→ **RECORDED DATA**:
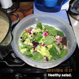 It’s a temptation to devour the soup today (and tomorrow). However, on-the-practical-side, next week (during the yard sale), a quick tasty meal will be especially valuable. Trust me: That potato soup is scrumptious!!
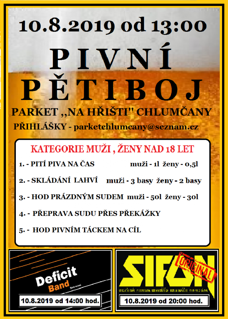 V sobotu 10.8.2019 od 13:00 se koná Pivní pětiboj na parketu "Na hřišti" v Chlumčanech. Od 14:00 zahraje Deficit band a od 20:00 hraje Sifon.
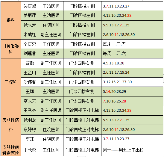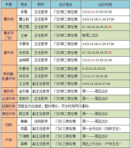 (原一重医院)十一月份门诊出诊表
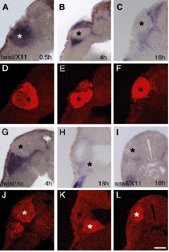 Fig. 6. Inhibition of migration alters neural crest marker expression. (A-C) twist in situ hybridisation of grafts expressing Xcad-11 0.5 hours (A), 4 hours (B) and 18 hours (C) after transplantation. GFP-Myc immunostaining of the corresponding sections shown in (D-F). δcXcad-11 overexpressing graft 4 hours (G) and 18 hours (H) after transplantation, all stained with twist in situ hybridisation probe. (I) Xcad-11-expressing graft 18 hours after transplantation stained with Snail in situ hybridisation probe. (J-L) GFP-Myc immunostaining of the corresponding sections. Asterisk marks the graft centre. Scale bar: 50 μm.

→ **PROBLEM DETAILS**: Write out only the lines from the line containing "(原一重医院)十一月份门诊出诊表" through the end of the material above, both end lines included. Pictures are not written out.

→ **TASK RESULT**:
 (原一重医院)十一月份门诊出诊表
 Fig. 6. Inhibition of migration alters neural crest marker expression. (A-C) twist in situ hybridisation of grafts expressing Xcad-11 0.5 hours (A), 4 hours (B) and 18 hours (C) after transplantation. GFP-Myc immunostaining of the corresponding sections shown in (D-F). δcXcad-11 overexpressing graft 4 hours (G) and 18 hours (H) after transplantation, all stained with twist in situ hybridisation probe. (I) Xcad-11-expressing graft 18 hours after transplantation stained with Snail in situ hybridisation probe. (J-L) GFP-Myc immunostaining of the corresponding sections. Asterisk marks the graft centre. Scale bar: 50 μm.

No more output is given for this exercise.